--- PROVIDED DATA ---

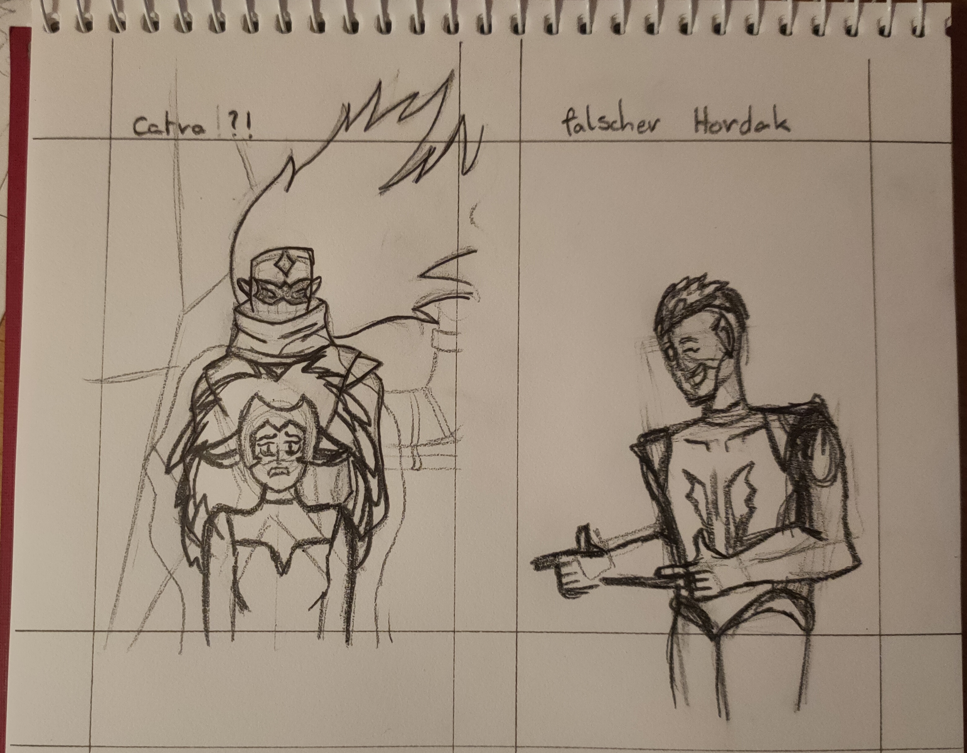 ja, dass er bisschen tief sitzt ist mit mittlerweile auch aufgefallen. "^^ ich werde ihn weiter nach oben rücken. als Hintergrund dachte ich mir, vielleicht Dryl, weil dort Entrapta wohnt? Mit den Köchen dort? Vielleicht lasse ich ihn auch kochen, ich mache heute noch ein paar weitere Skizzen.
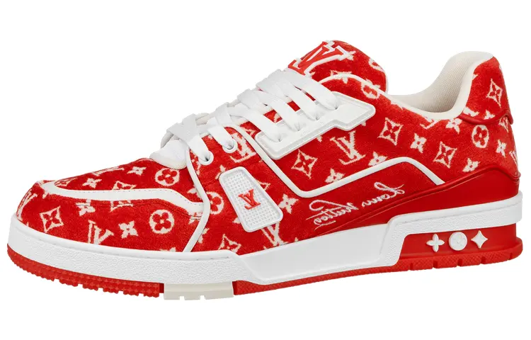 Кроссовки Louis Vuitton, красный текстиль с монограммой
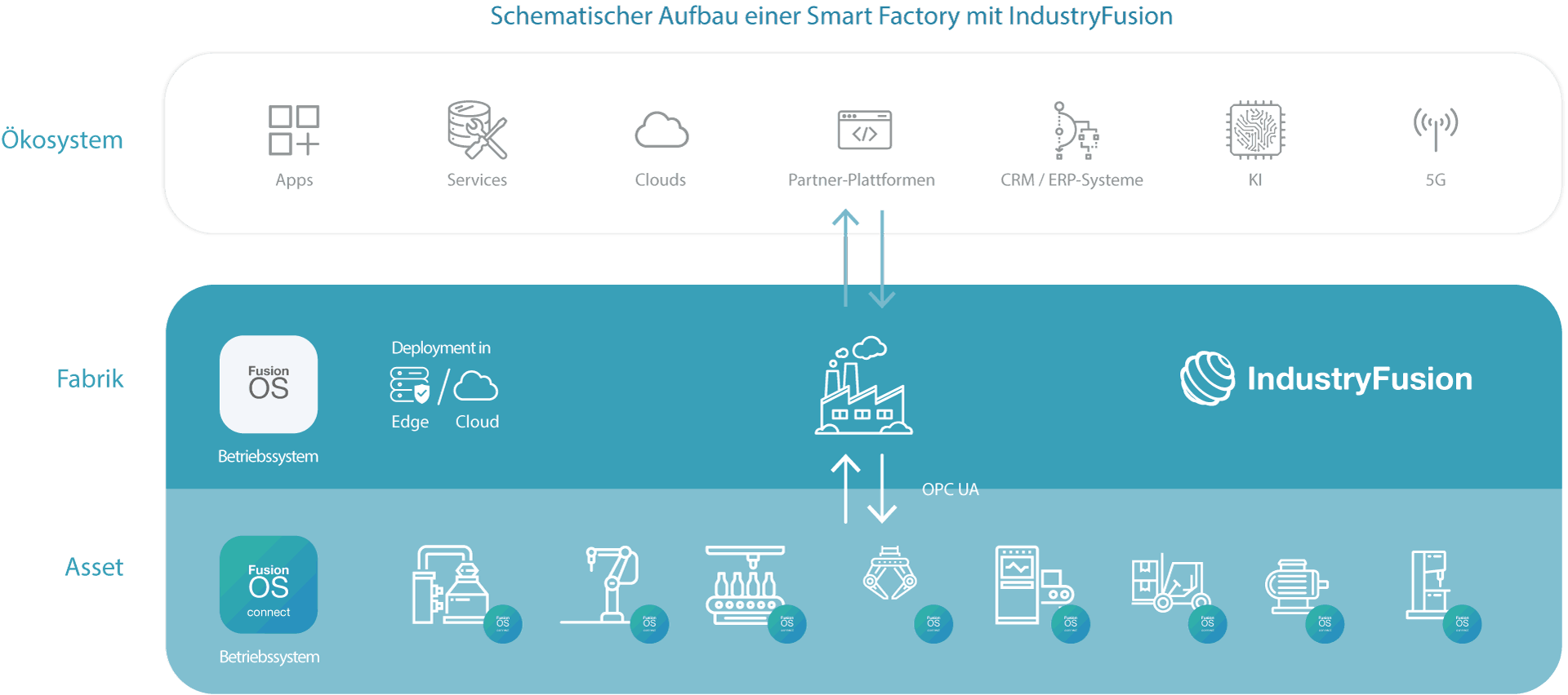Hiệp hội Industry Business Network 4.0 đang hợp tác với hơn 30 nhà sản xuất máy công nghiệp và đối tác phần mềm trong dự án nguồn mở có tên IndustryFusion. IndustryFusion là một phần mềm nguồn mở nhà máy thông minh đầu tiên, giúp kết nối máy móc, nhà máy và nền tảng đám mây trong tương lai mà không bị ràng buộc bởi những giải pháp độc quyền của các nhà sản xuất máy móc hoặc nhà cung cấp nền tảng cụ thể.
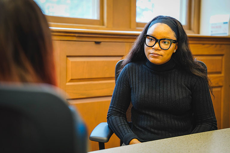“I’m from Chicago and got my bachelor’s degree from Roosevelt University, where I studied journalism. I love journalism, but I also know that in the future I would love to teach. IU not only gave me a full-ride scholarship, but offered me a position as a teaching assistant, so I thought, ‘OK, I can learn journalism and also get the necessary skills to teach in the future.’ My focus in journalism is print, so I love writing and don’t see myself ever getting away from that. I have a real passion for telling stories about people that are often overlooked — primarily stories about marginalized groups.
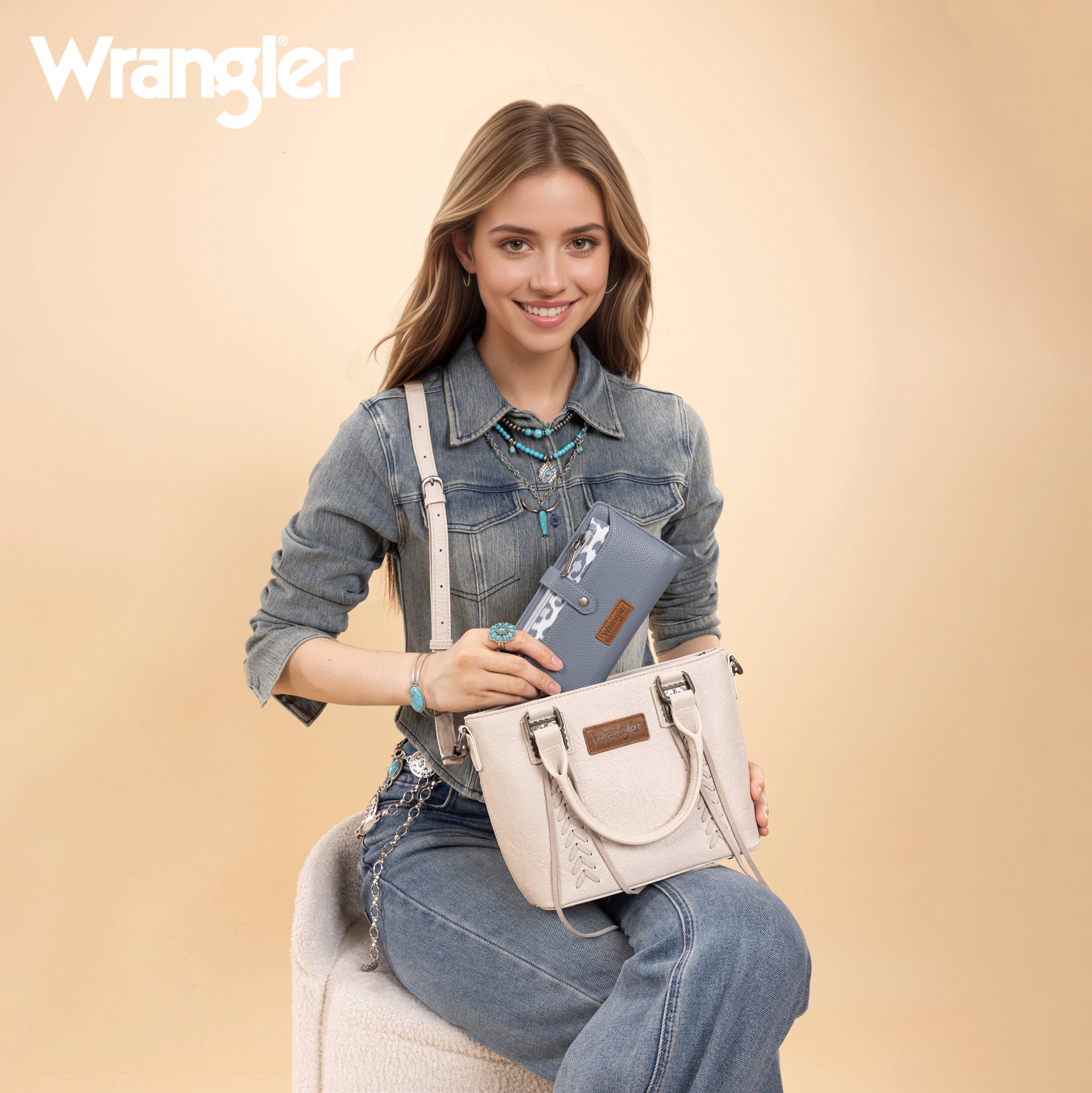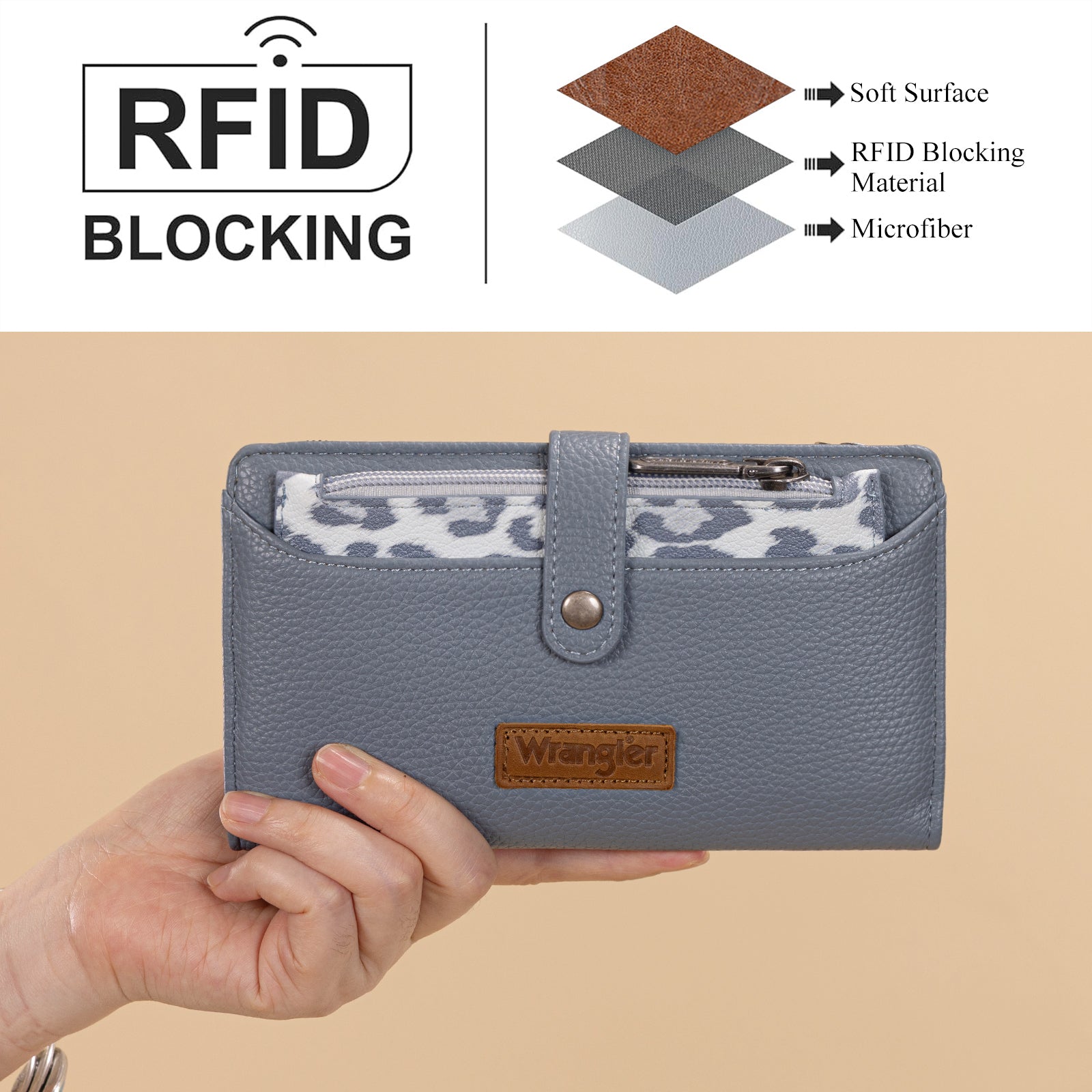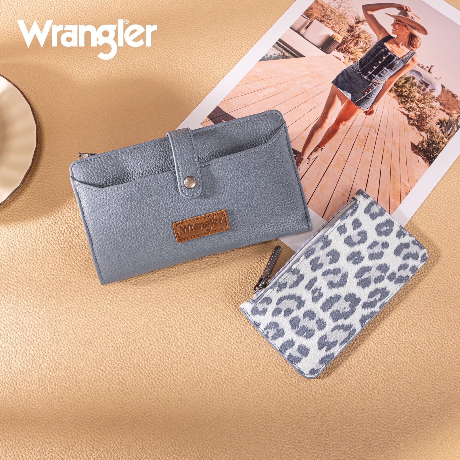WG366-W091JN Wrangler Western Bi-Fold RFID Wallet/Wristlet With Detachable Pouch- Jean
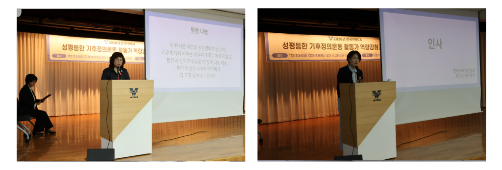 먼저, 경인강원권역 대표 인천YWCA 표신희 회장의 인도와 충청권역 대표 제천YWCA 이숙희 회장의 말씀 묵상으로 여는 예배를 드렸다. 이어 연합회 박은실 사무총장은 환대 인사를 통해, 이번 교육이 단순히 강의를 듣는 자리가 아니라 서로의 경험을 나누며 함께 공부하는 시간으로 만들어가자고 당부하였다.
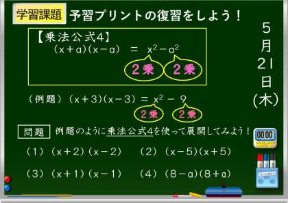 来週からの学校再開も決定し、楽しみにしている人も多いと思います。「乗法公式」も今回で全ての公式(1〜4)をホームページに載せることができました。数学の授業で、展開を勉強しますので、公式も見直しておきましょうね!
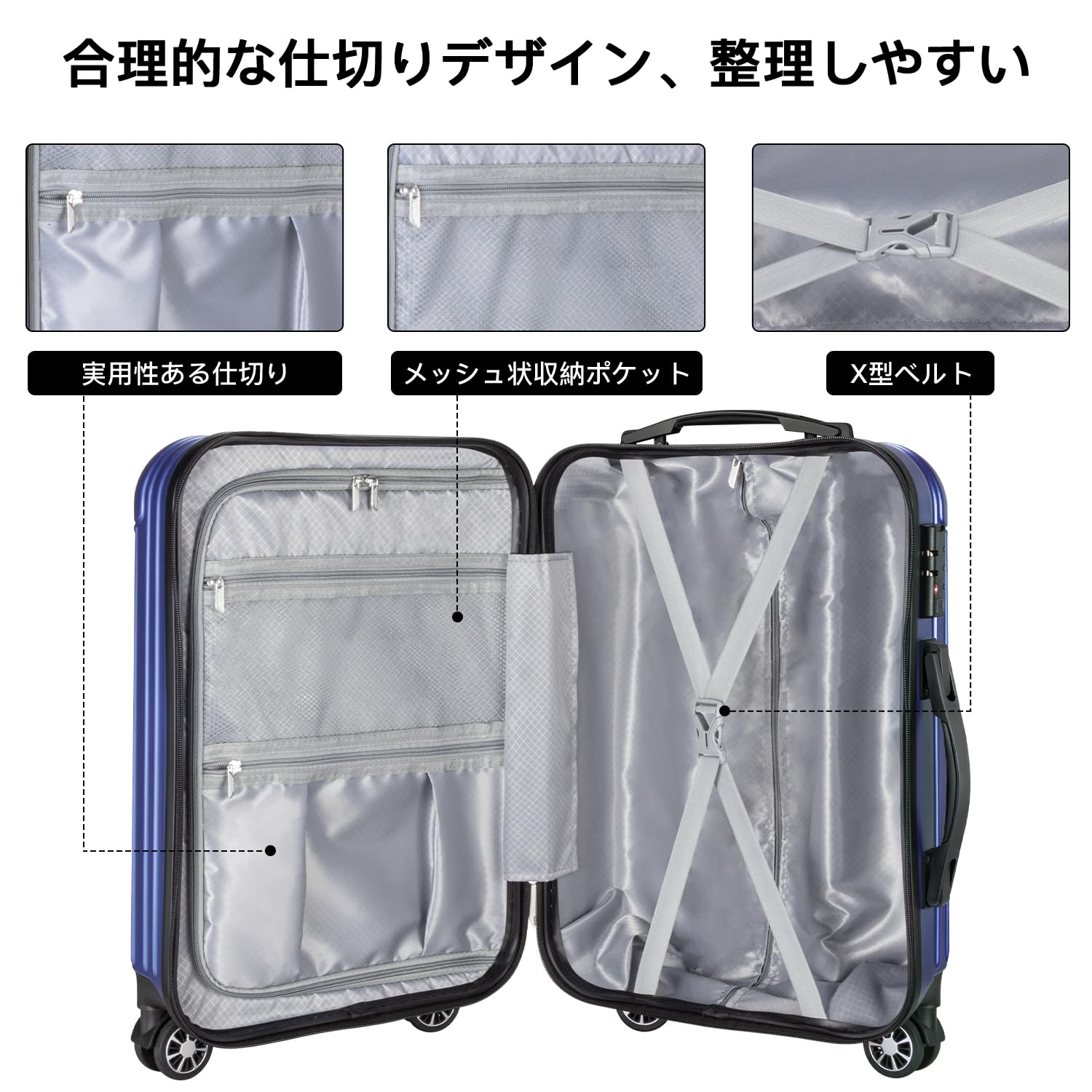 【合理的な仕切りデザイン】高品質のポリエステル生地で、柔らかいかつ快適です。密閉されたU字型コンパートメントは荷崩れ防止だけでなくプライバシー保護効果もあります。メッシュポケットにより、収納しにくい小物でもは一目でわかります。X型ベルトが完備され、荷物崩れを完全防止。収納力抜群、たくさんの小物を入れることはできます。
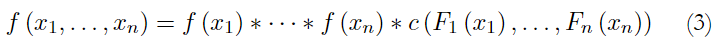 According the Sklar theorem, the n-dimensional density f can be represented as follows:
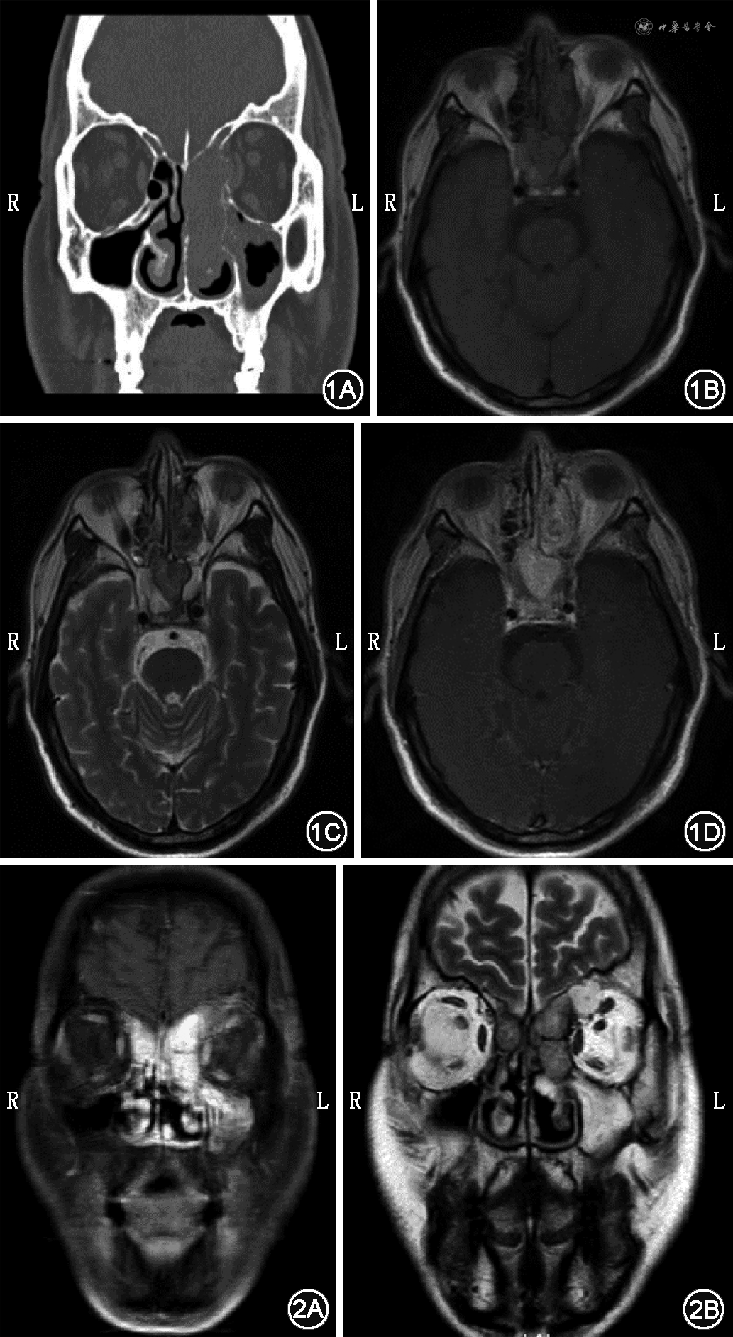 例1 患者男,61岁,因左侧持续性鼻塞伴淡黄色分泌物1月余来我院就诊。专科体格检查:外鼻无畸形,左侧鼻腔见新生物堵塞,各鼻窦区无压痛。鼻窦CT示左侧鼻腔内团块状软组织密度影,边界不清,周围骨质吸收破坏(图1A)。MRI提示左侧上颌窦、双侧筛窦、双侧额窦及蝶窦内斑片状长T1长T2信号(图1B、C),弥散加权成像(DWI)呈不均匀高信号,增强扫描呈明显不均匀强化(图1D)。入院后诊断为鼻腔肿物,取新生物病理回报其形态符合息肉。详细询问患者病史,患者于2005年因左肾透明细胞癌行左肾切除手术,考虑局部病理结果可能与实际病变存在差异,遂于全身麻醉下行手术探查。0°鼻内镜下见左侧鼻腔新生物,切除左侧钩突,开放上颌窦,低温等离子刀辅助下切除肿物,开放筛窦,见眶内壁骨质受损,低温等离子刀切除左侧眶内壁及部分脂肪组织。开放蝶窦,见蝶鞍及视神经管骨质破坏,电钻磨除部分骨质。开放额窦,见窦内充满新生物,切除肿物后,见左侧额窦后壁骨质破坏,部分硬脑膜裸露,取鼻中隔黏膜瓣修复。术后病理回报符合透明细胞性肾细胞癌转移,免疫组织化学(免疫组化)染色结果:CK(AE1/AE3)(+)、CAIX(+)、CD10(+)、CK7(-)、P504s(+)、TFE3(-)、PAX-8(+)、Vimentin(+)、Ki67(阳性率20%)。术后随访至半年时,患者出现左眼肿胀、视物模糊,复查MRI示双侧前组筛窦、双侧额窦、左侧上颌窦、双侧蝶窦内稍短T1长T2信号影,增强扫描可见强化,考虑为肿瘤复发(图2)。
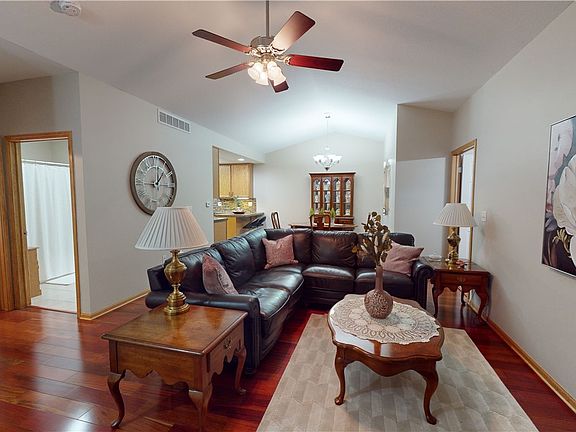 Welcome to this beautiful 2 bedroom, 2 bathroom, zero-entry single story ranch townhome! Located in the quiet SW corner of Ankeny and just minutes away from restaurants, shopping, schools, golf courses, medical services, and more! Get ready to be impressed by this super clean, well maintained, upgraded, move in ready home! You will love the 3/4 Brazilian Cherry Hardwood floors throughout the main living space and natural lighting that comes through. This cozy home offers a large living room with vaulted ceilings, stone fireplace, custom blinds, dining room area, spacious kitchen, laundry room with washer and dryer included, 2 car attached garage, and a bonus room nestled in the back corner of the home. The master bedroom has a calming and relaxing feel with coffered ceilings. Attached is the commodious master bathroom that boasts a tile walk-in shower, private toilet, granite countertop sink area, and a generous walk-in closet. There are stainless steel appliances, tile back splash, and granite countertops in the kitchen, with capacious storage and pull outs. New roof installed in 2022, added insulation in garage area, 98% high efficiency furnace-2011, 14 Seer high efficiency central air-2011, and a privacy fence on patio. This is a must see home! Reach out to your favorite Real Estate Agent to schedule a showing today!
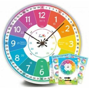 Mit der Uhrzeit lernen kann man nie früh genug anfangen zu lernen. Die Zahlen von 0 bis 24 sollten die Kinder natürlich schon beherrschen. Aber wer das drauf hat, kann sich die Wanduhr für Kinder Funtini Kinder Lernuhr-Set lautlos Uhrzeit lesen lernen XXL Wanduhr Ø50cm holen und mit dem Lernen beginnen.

---

▸ PROBLEM
In the records above, find the line that contains "Welcome to this". Print it and every later line exactly, omitting the pictures.

▸ TASK ANSWER
 Welcome to this beautiful 2 bedroom, 2 bathroom, zero-entry single story ranch townhome! Located in the quiet SW corner of Ankeny and just minutes away from restaurants, shopping, schools, golf courses, medical services, and more! Get ready to be impressed by this super clean, well maintained, upgraded, move in ready home! You will love the 3/4 Brazilian Cherry Hardwood floors throughout the main living space and natural lighting that comes through. This cozy home offers a large living room with vaulted ceilings, stone fireplace, custom blinds, dining room area, spacious kitchen, laundry room with washer and dryer included, 2 car attached garage, and a bonus room nestled in the back corner of the home. The master bedroom has a calming and relaxing feel with coffered ceilings. Attached is the commodious master bathroom that boasts a tile walk-in shower, private toilet, granite countertop sink area, and a generous walk-in closet. There are stainless steel appliances, tile back splash, and granite countertops in the kitchen, with capacious storage and pull outs. New roof installed in 2022, added insulation in garage area, 98% high efficiency furnace-2011, 14 Seer high efficiency central air-2011, and a privacy fence on patio. This is a must see home! Reach out to your favorite Real Estate Agent to schedule a showing today!
 Mit der Uhrzeit lernen kann man nie früh genug anfangen zu lernen. Die Zahlen von 0 bis 24 sollten die Kinder natürlich schon beherrschen. Aber wer das drauf hat, kann sich die Wanduhr für Kinder Funtini Kinder Lernuhr-Set lautlos Uhrzeit lesen lernen XXL Wanduhr Ø50cm holen und mit dem Lernen beginnen.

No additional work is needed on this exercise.